I’ve been benchmarking the performance of a 1TB sort between Clear Linux and Ubuntu server distributions. Clear Linux comes out ahead, but I have a few questions about why.

One difference I noticed is the sort generates 6711 minor page faults under CL, in contrast to 3166105 minor page faults under Ubuntu. I’m not used to thinking of minor page faults as a performance issue, but anytime I see a difference in the millions, that gets my attention.

Is this difference because CL uses a larger page size to hold code, a smaller memory footprint for the system libraries, or for some other reason?

Another interesting thing I noticed is the sort performance under CL shows a clear improvement (in terms of elapsed time) the more often I run the sort. It’s as if something about the sort is being cached in between consecutive runs. I don’t see this same performance improvement trend under Ubuntu.

The most obvious source of caching is the buffer cache, but before each sort, I’m using drop_caches to clear that out: sync; echo 3 | sudo tee /proc/sys/vm/drop_caches. So this is making me wonder what other caching might cause this performance improvement.

The sort I’m running is the Nsort product from Ordinal Technologies. This is not an open source product, so I don’t know if it tries to use huge pages, but it does allocate quite a bit of memory. The CPU is an AMD Ryzen Embedded V3C14 with four cores and eight threads.

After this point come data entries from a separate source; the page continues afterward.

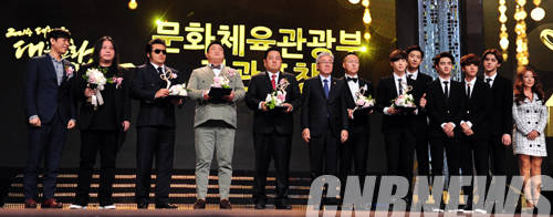 이날 김종덕 문화체육관광부 장관이 차세대 한류를 이끌어가는 대세 아이돌 엑소(EXO), 가수 이승기, 안무가 정진석, 배우 김보성, 코미디언 김준현, 연주자 김재만, 프로듀서 고건혁씨에게 문화체육관광부장관 표창 수여를 마친 뒤에 기념 촬영을 하고 있다.
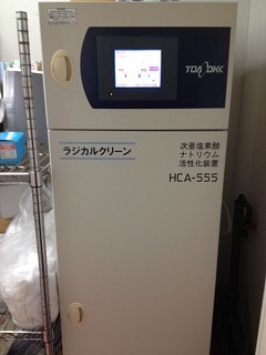 ラジカルクリーン 次亜塩素酸ナトリウムを単に水希釈せずに低濃度の酢酸を混ぜて希釈することでpHを酸性側にコントロールする装置です。
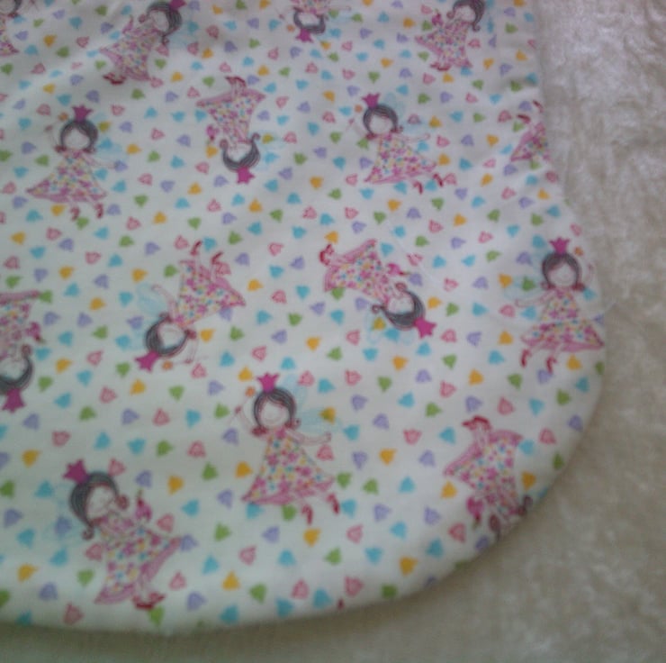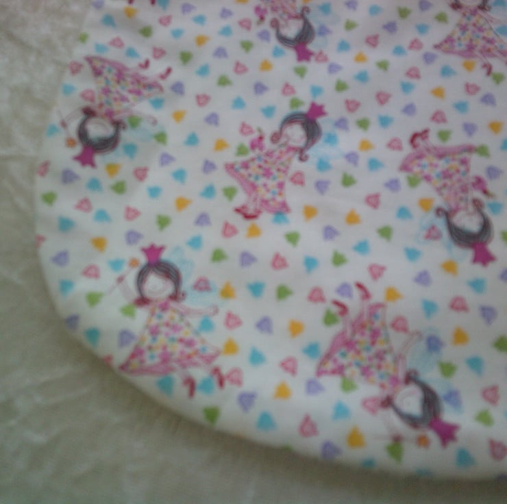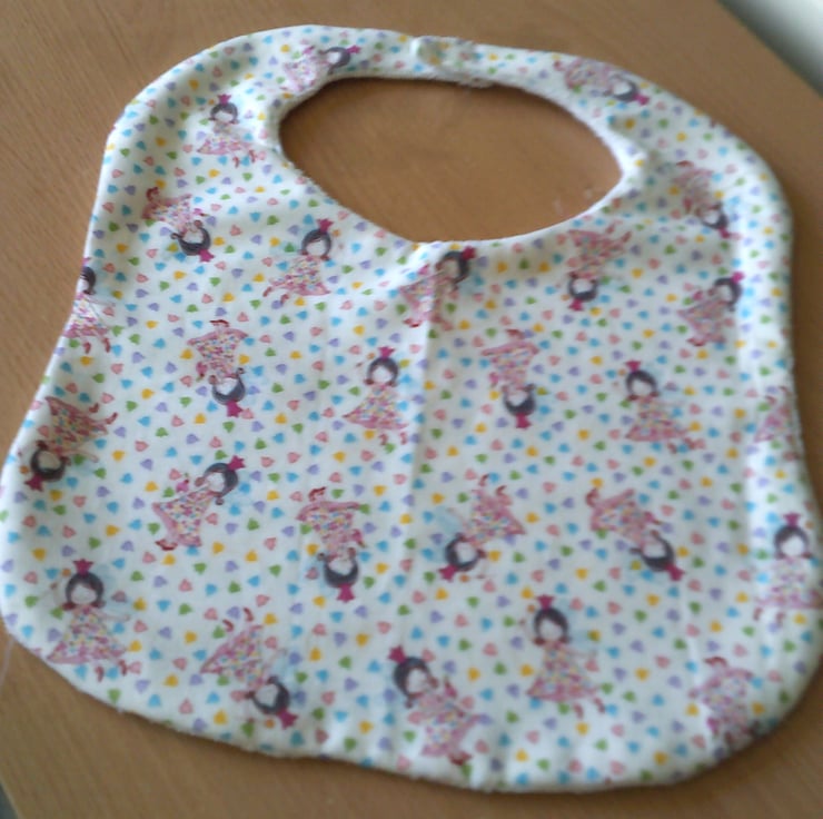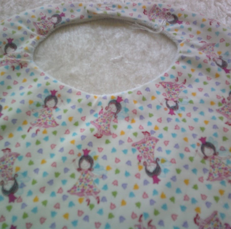 The design on the fabric used is of princess fairies and tiny flowers on a white background. It is backed with Stretch Terry Towelling with a Velcro fastening at the neck so it is easy to put on and take off before and after feeding baby.
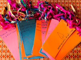 On the day of the event, the children were understandably confused, having never heard of Tanabata. But with my colleagues translating into Chichewa and cheering them on, we got started smoothly. The children wrote their dreams on the front of the cards and the reasons behind them on the back. They enjoyed drawing with colored pencils and were deeply engaged in their artwork. When they shared their dreams aloud, they applauded and encouraged each other. Finally, they tied their wishes to the trees, hoping they would come true.
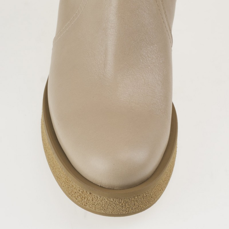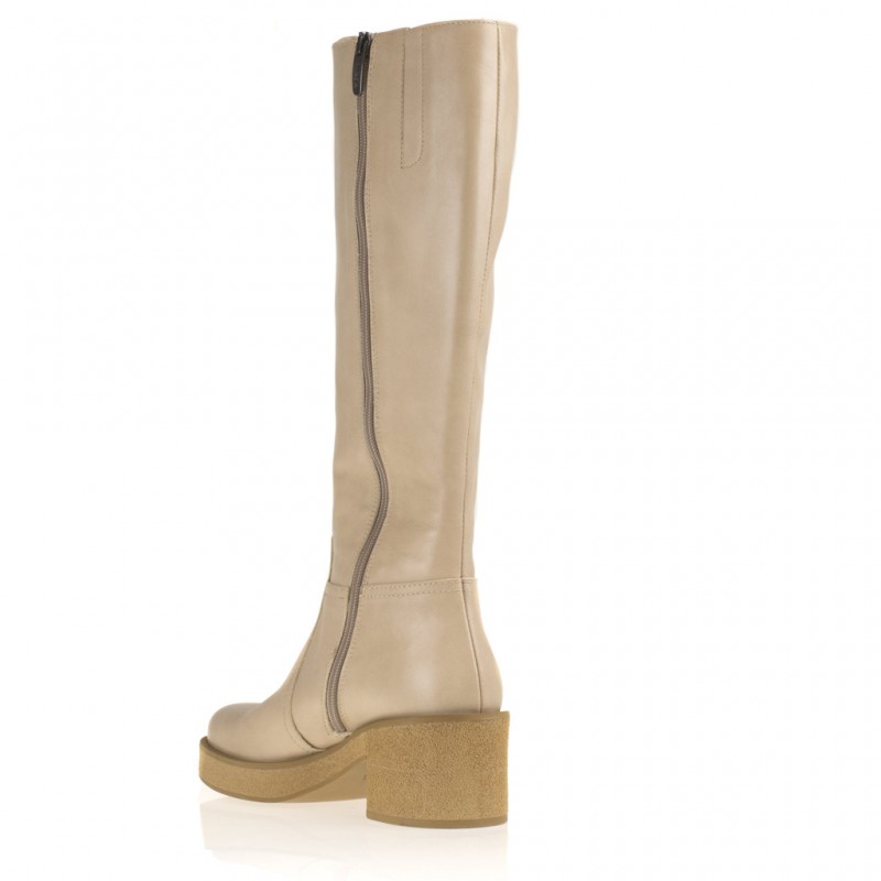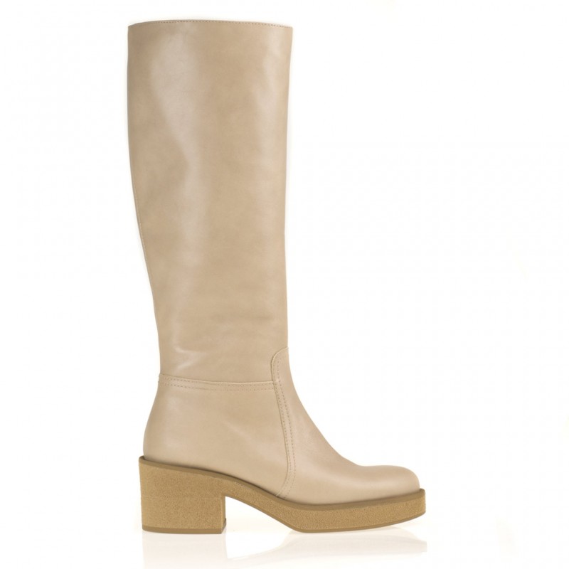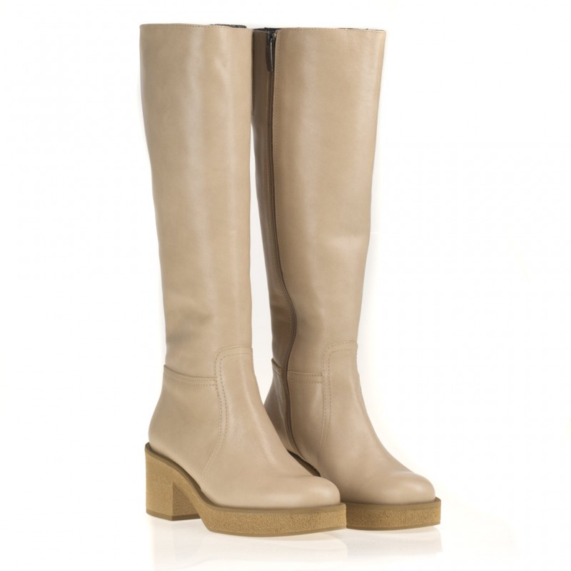 Stivale inย pelle conย cernieraย laterale.ย Suola in gomma, taccoย alto 5.5 cm, plateau 2 cm. Altezza gambale 38 cm. Fodera in pelle.

I’m starting to think minor page faults are just a side effect of my sort needing to allocate 12366M of memory, for both CL and Ubuntu. One reason I think this is because 4KB * 3,166,105 minor page faults is roughly 12,366MB for Ubuntu, and 2MB * 6711 minor pages faults is also roughly 12,366MB for CL. (Actually it’s 13,422 MB.)

Where CL has /sys/kernel/mm/transparent_hugepage/enabled set to [always] for Transparent Huge Pages, and Ubuntu has this set to [madvise].

My 1TB sort seems to benefit from having THP enabled, which is good to know.

Then I started to wonder: if 2MB THPs is good, would 1GB THPs be better? That led me down a rabbit hole of passing arcane parameters like default_hugepagesz=1G hugepagesz=1G hugepages=12 to my CL kernel, before sadly concluding that Linux doesn’t yet support 1GB transparent huge pages.

This issue of THP being limited to 2MB is not really spelled out very well in the kernel documentation, so I may be missing something.

Is libhugetlbfs available with Clear Linux?

I’m not finding libhugetlbfs with swupd search, so that makes me think I’d have to download it and compile it myself.

Is this because libhugetlbfs is deprecated in favor of THP?